SOURCE MATERIAL:
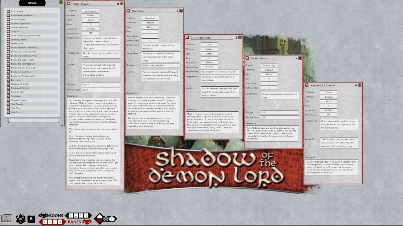 Requires: The free Fantasy Grounds virtual tabletop (VTT) software and a one time purchase of the Shadow of the Demon Lord ruleset.
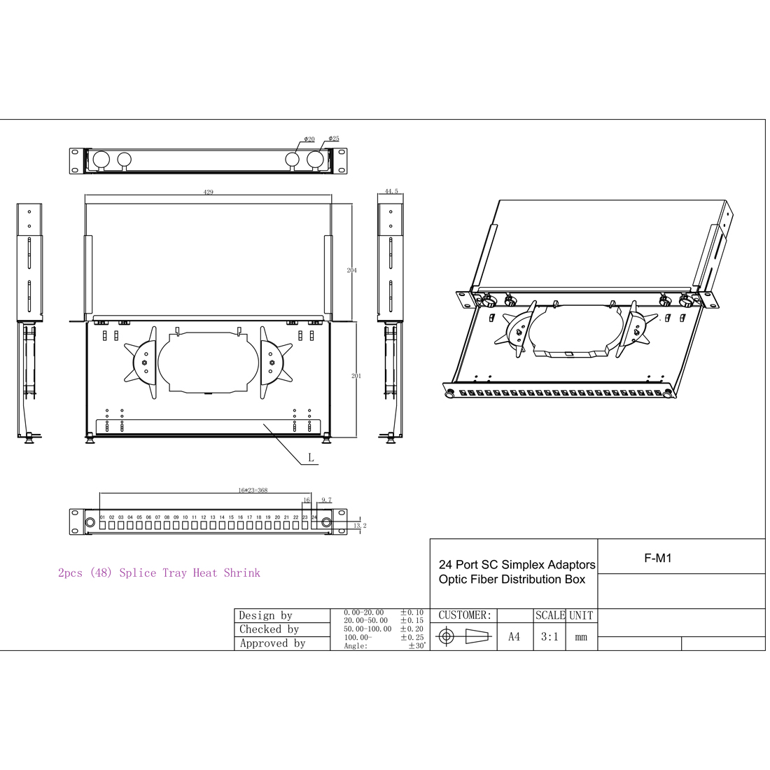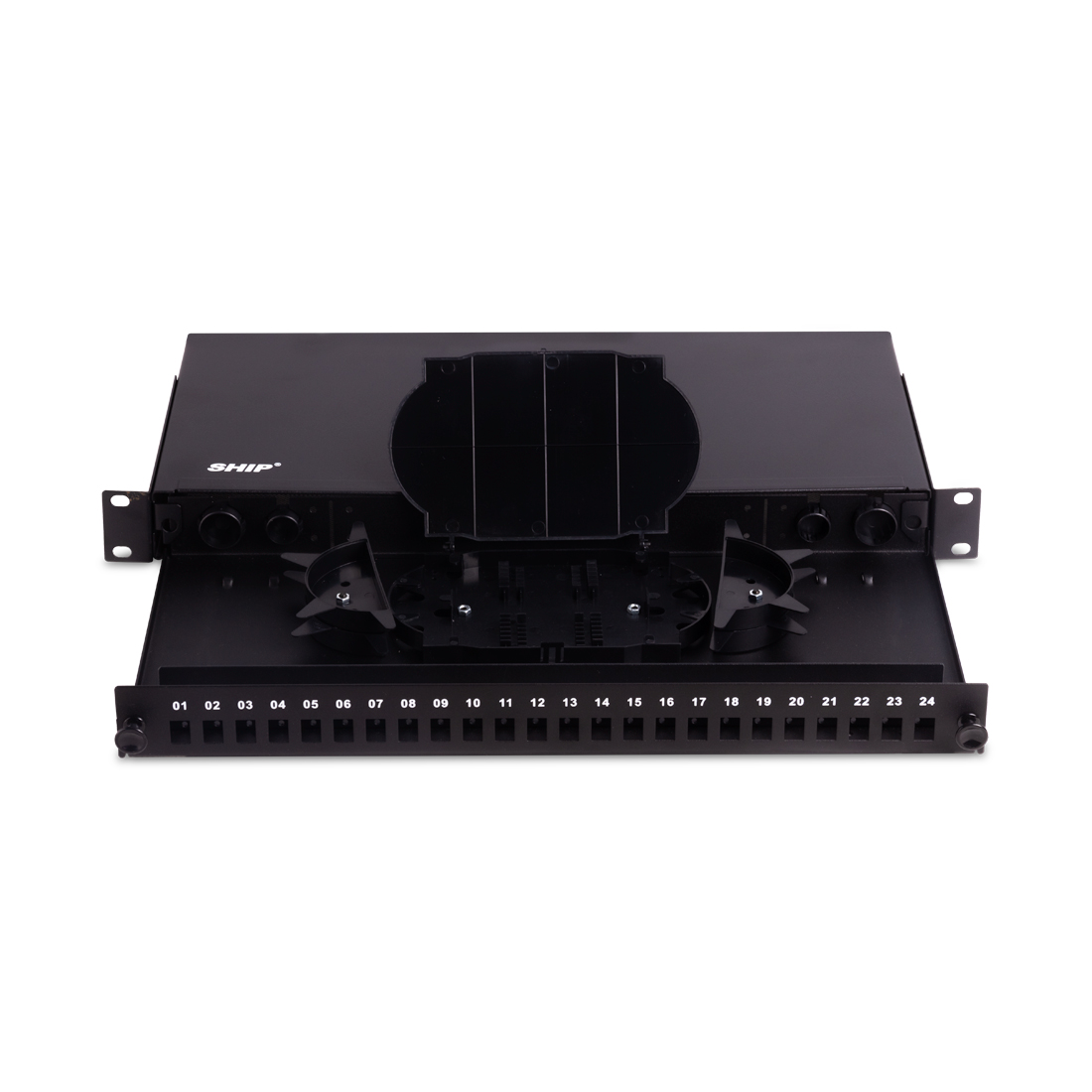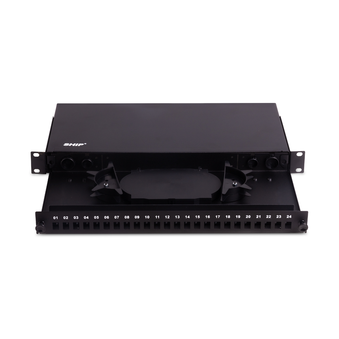 Оптический кросс, SHIP, F-M1, 19″ (1U), 24 Порта SC, Simplex, LC Duplex, Без адаптеров, Чёрный
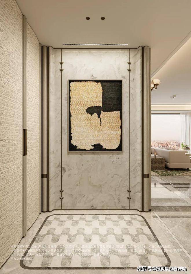 从入口玄关地面全水刀石材拼花,到主卧床头的艺术贝母马赛克,都是高难重工工艺。✅保利外滩曜售楼处电话:400-8862-334✅︎✅︎✅
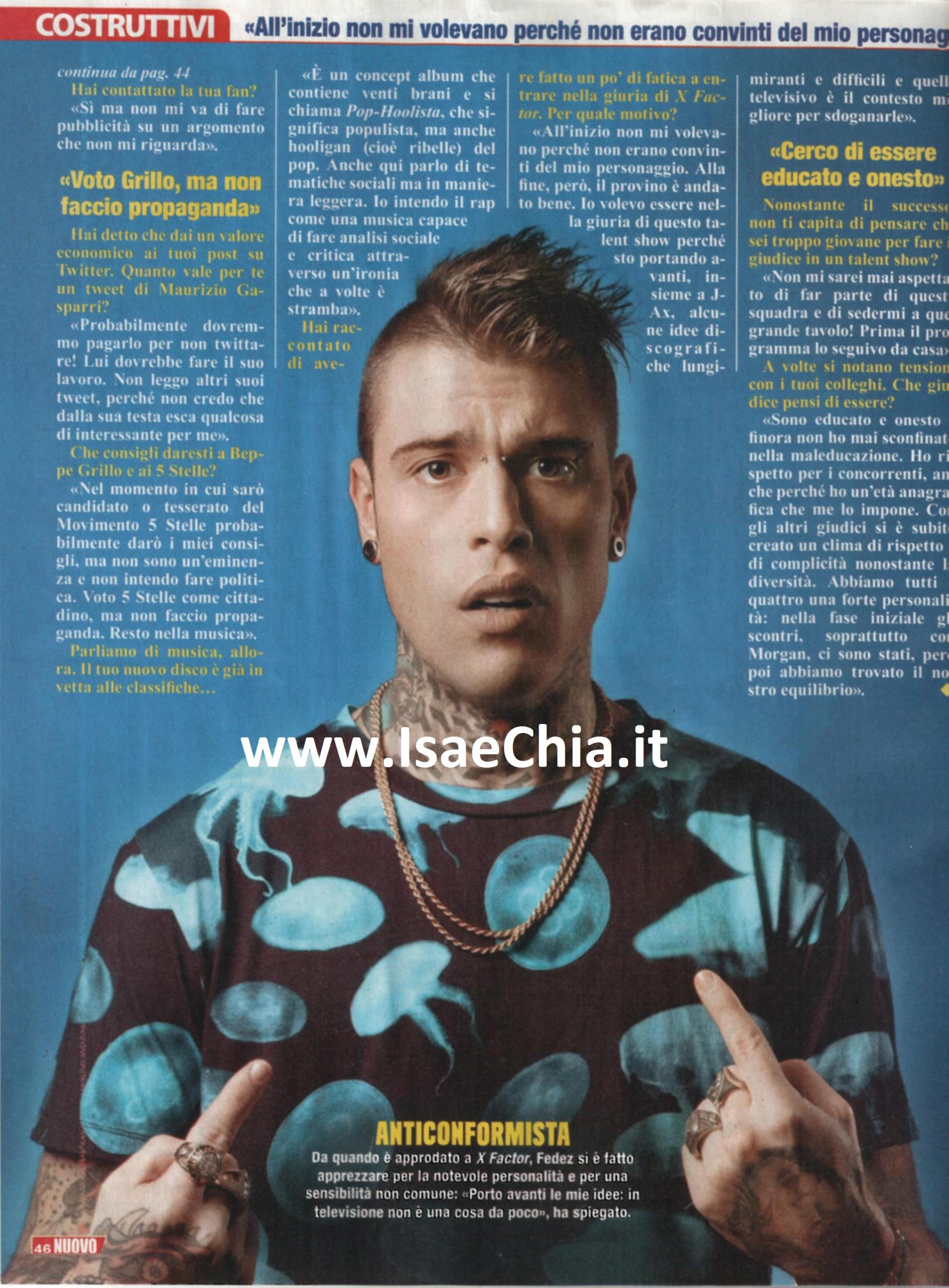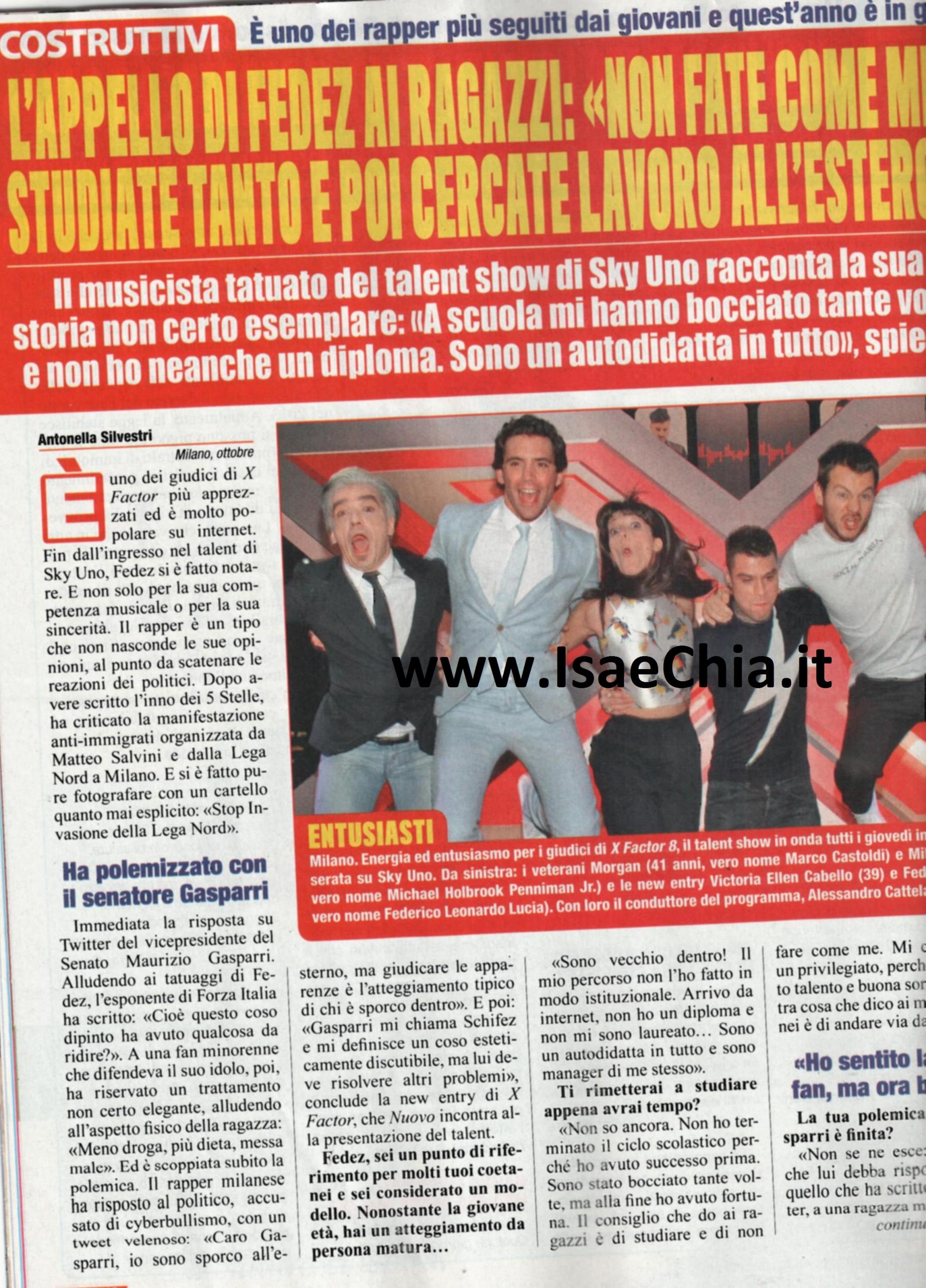 Il rapper Fedez è nella giuria di X Factor, dove si è fatto notare, oltre che per la competenze musicale, anche per la sincerità. Inoltre, è molto attivo politicamente (ha scritto l’inno del Movimento Cinque Stelle) e non ha peli sulla lingua, come ha dimostrato con le sue recenti discussioni in Rete (ha preso le difese di una ragazzina sua fan offesa dal ministro Maurizio Gasparri). Quando gli si fa notare che nonostante la giovane età (25 anni), ha un atteggiamento molto maturo, risponde: “Sono vecchio dentro! Il mio percorso non l’ho fatto in modo istituzionale. Arrivo da internet, non ho un diploma e non mi sono laureato. Sono un autodidatta in tutto e sono il manager di me stesso. Non ho terminato il ciclo scolastico perché ho avuto successo prima e non so ancora se mi rimetterò a studiare. Sono stato bocciato tante volte, ma alla fine ho avuto fortuna. Il consiglio che do ai ragazzi è di studiare e di non fare come me: io sono un privilegiato perché ho avuto una buona sorte. Un’altra cosa che consiglio loro è andare via dall’Italia a cercare lavoro”. Parlando invece della polemica con Gasparri, dice solo: “Non se ne esce! Ho contattato la mia fan, ma non mi va di farmi pubblicità su un argomento che non mi riguarda. Il valore dei tweet di Gasparri? Forse dovremmo pagare per non farlo twittare! Lui dovrebbe fare il suo lavoro. Non leggo altri suoi tweet perché non credo che dalla sua testa esca qualcosa di interessante per me”. Quando invece gli si chiede di dare un consiglio al Movimento 5 Stelle, risponde: “Quando sarò candidato o tesserato del Partito, lo farò. Ma non sono un’eminenza e non intendo fare politica. Voto 5 Stelle come cittadino, ma non faccio propaganda e resto nella musica. Io intendo il rap come una musica capace di fare analisi sociale e critica attraverso un’ironia a volte stramba”. Infine, parla della sua partecipazione al talent: “All’inizio non erano convinti di me come personaggio, ma poi il provino è andato bene. Volevo essere parte di questa giuria perché sto portando avanti, insieme a J-Ax, alcune idee discografiche lungimiranti ma difficili da sdoganare. Non mi sarei mai aspettato di far parte di questa squadra e di sedermi a quel gran tavolo! Prima il programma lo seguivo da casa! Ho rispetto per i concorrenti, anche perché ho un’età anagrafica che me lo impone. Con gli altri giudici si è creato subito un clima di rispetto e complicità nonostante le diversità. Abbiamo tutti e quattro grandi personalità; ci sono stati degli screzi all’inizio con Morgan, ma poi abbiamo trovato il nostro equilibrio”.

WHAT YOU WILL DO:
Using the data above, which lines fall from the one with "Оптический кросс, SHIP, F-M1, 19″" through the one with "从入口玄关地面全水刀石材拼花"? Repeat them exactly, ends included, minus any pictures.

WRITTEN RESPONSE:
 Оптический кросс, SHIP, F-M1, 19″ (1U), 24 Порта SC, Simplex, LC Duplex, Без адаптеров, Чёрный
 从入口玄关地面全水刀石材拼花,到主卧床头的艺术贝母马赛克,都是高难重工工艺。✅保利外滩曜售楼处电话:400-8862-334✅︎✅︎✅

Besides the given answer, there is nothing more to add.